### About this exercise
Return only these lines, exactly: the one containing "Tordönet 2 ritad av Anders Hedbom." and every line after it in the listing.

### Recorded information
####

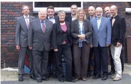
Perspektiven für Langzeitarbeitslose sichern
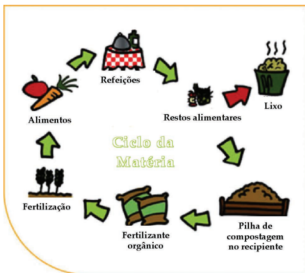
Figura 1 – Ciclo da matéria orgânica
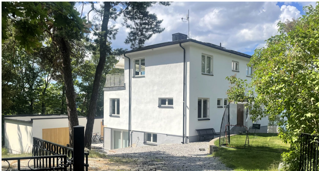
Tordönet 2 ritad av Anders Hedbom.

Ett flertal av villorna är av mycket god arkitektonisk kvalitet, i mer eller mindre ursprungligt skick och mycket typiska för sina respektive tillkomsttider.

####

### Answer to the problem
Tordönet 2 ritad av Anders Hedbom.

Ett flertal av villorna är av mycket god arkitektonisk kvalitet, i mer eller mindre ursprungligt skick och mycket typiska för sina respektive tillkomsttider.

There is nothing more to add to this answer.